§ Given data
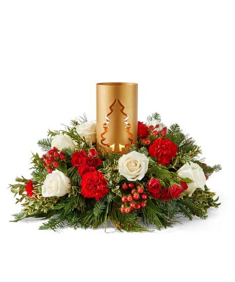 Beautiful candle centerpiece with roses, carnations, berries, a mixture of Christmas greens, and holly.
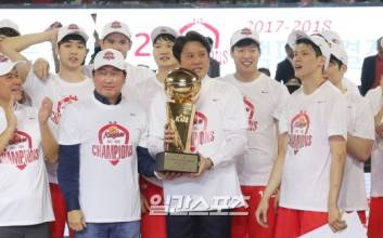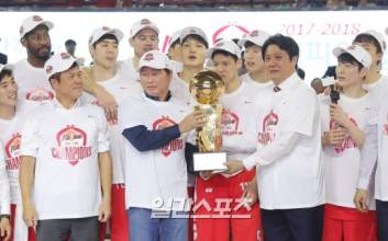 [포토]최태원SK그룹 회장, 감격의 농구 우승 트로피
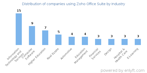 Looking at Zoho Office Suite customers by industry, we find that Information Technology and Services (12%), Computer Software (7%) and Higher Education (5%) are the largest segments.

§ Activity
Every line between the one containing "[포토]최태원SK그룹 회장, 감격의 농구 우승 트로피" and the end of the listing, both included, needs to be retyped exactly, minus the pictures.

§ Result for this exercise
 [포토]최태원SK그룹 회장, 감격의 농구 우승 트로피
 Looking at Zoho Office Suite customers by industry, we find that Information Technology and Services (12%), Computer Software (7%) and Higher Education (5%) are the largest segments.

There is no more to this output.